Conventional oil recovery involves drilling a well and pumping a mixture of oil and water from the well. Oil is separated from the water, and the water is usually injected into a sub-surface formation. Conventional recovery works well for low viscosity oil. However, conventional oil recovery processes do not work well for higher viscosity, or heavy oil.
Enhanced Oil Recovery (EOR) processes employ thermal methods to improve the recovery of heavy oils from sub-surface reservoirs. The injection of steam into heavy oil bearing formations is a widely practiced EOR method. Typically, several tons of steam are required for each ton of oil recovered. Steam heats the oil in the reservoir, which reduces the viscosity of the oil and allows the oil to flow to a collection well. Steam condenses and mixes with the oil, to form an oil-water mixture. The mixture of oil and water is pumped to the surface. Oil is separated from the water by conventional processes employed in conventional oil recovery operations to form produced water.
For economic and environmental reasons it is desirable to recycle the produced water. This is accomplished by treating the produced water, producing a feedwater, and directing the treated feedwater to a steam generator or boiler and producing steam. The complete water cycle includes the steps of:                injecting the steam into an oil bearing formation,        condensing the steam to heat the oil whereupon the condensed steam mixes with the oil to form an oil-water mixture,        collecting the oil-water mixture in a well,        pumping the oil-water mixture to the surface,        separating the oil from the oil-water mixture to form produced water,        treating the produced water to form feedwater for steam generation equipment, and        converting the feedwater into steam having a quality of approximately 70% to 100% for injecting into the oil bearing formation.        
Steam generation equipment can take various forms that generally include either once through steam generators (OTSG) or boilers of various types. However, treating the produced water to form a relatively pure feedwater for steam generation is challenging. In particular, treating the produced water to retard or prevent silica scaling in purification equipment, such as evaporators, and in steam generation equipment is difficult.

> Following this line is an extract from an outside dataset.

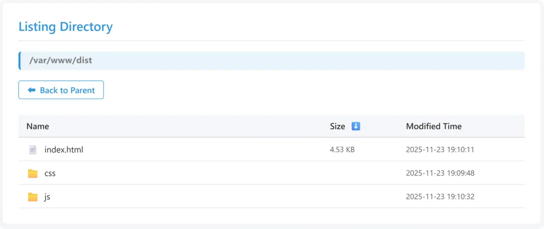 在開發運維後台或者日誌查看服務時,我們經常需要一個界面來查看服務器上的文件列表。自己寫前端頁面解析 JSON 很麻煩,StaticFS 直接提供了一套現成的 Web UI 和 JSON API。

Various approaches have addressed silica scaling. It is known that chemically treating water to precipitate silica will reduce the silica concentration to a level that is suitable for use in producing steam using Once Through Steam Generators (OTSG). This process is generally referred to as Warm Lime Softening followed by Ion Exchange. Silica precipitates as very fine crystals that are usually only several microns in size. These fine silica crystals are difficult to economically remove by conventional mechanical separation devices such as deep bed filters, centrifuges, hydrocyclones, and gravity settlers. Another method is to trap the silica precipitates in a magnesium hydroxide and/or calcium carbonate sludge that is created by addition of lime, magnesium oxide, and soda ash. This process has the disadvantage, however, of requiring large quantities of chemicals and producing large quantities of waste sludge. When used in this method, gravity settlers are sensitive to variations in feed chemistry and are easily upset, creating problems for downstream equipment.
It is also known to chemically treat the produced water and subject chemically-treated produced water to an evaporation process that produces a distillate which becomes feedwater to an OTSG or boiler. In particular, it is known to use an evaporator and mechanical vapor compressor to produce the distillate. In this particular approach, the pH of the produced water fed to the evaporator is raised to maintain the solubility of silica. This prevents silica based scales from fouling the evaporator heat transfer surfaces. However, there are drawbacks and disadvantages to this approach as well. The addition of caustic to raise the pH represents a significant operating cost. Mechanical vapor compression evaporators recover typically approximately 95% of the water from the de-oiled produced water. The remaining 5% yields a concentrate stream that is difficult to process. The pH is usually higher than 12, which makes the concentrate stream extremely hazardous. Any attempt to neutralize the stream causes the precipitation of silica solids which are very difficult to separate from the aqueous solution. The neutralization process is also known to release hazardous gases, such as hydrogen sulfide. These systems consequently tend to be expensive to operate and costly to maintain.